[Aim of the exercise]: Could you please transcribe the data exactly, without the pictures?

[Data extract]:
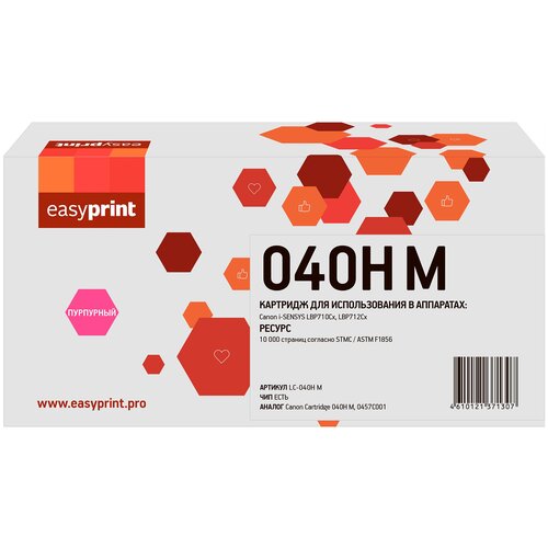 Картридж EasyPrint LC-040H M для Canon i-SENSYS LBP710/712/HP CLJ Enterprise M552/M553/577/Flow 577 (10000 стр.) пурпурный, с чипом
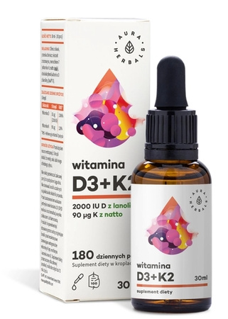 Aura Herbals Witamina D3 2000 IU + K2 MK-7 to suplement diety w wygodnej formie kropli, zawierający połączenie witaminy D3 oraz witaminy K2 MK-7. Preparat oparty jest na oliwie z oliwek, co sprzyja łatwemu spożyciu i stabilności składników. Produkt przeznaczony jest do codziennego uzupełniania diety osób dorosłych w witaminę D oraz K.
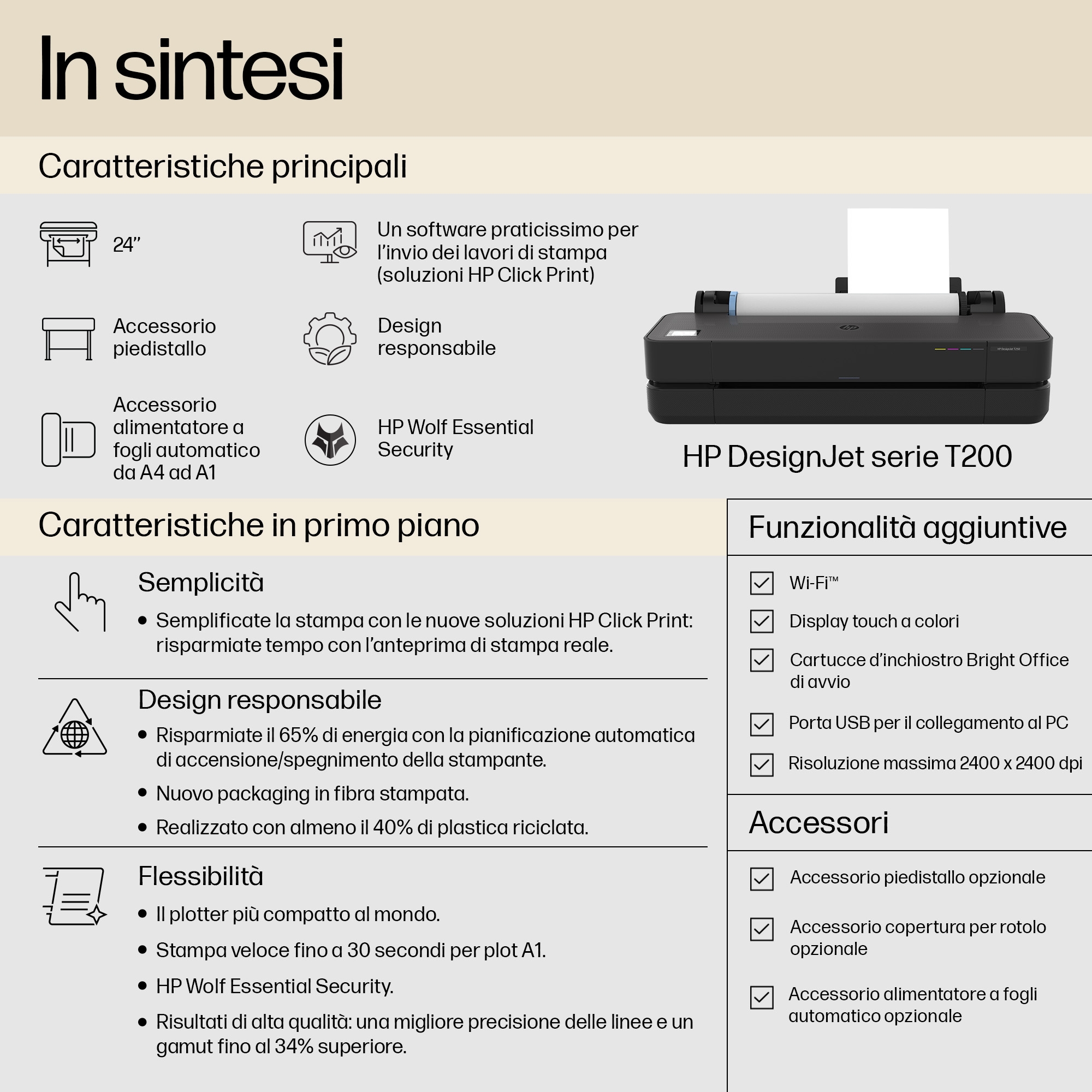 Hp plotter designjet t230 24" a1, glan/wifi, taglierina automatica, piedistallo opzionale
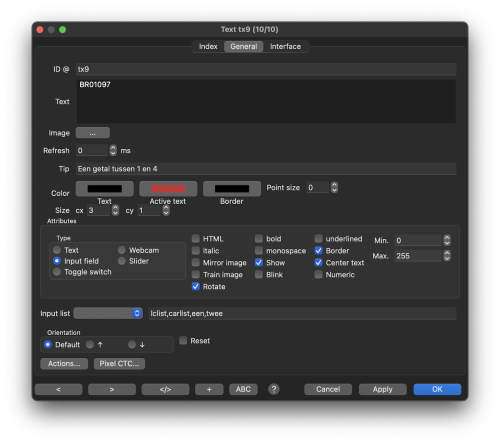 | Example for an action to speak the updated text could look like this. | In the 'properties' of the text-element this action needs to be linked to this text object using the actioncontrol dialog like this. |

[Answer]:
 Картридж EasyPrint LC-040H M для Canon i-SENSYS LBP710/712/HP CLJ Enterprise M552/M553/577/Flow 577 (10000 стр.) пурпурный, с чипом
 Aura Herbals Witamina D3 2000 IU + K2 MK-7 to suplement diety w wygodnej formie kropli, zawierający połączenie witaminy D3 oraz witaminy K2 MK-7. Preparat oparty jest na oliwie z oliwek, co sprzyja łatwemu spożyciu i stabilności składników. Produkt przeznaczony jest do codziennego uzupełniania diety osób dorosłych w witaminę D oraz K.
 Hp plotter designjet t230 24" a1, glan/wifi, taglierina automatica, piedistallo opzionale
 | Example for an action to speak the updated text could look like this. | In the 'properties' of the text-element this action needs to be linked to this text object using the actioncontrol dialog like this. |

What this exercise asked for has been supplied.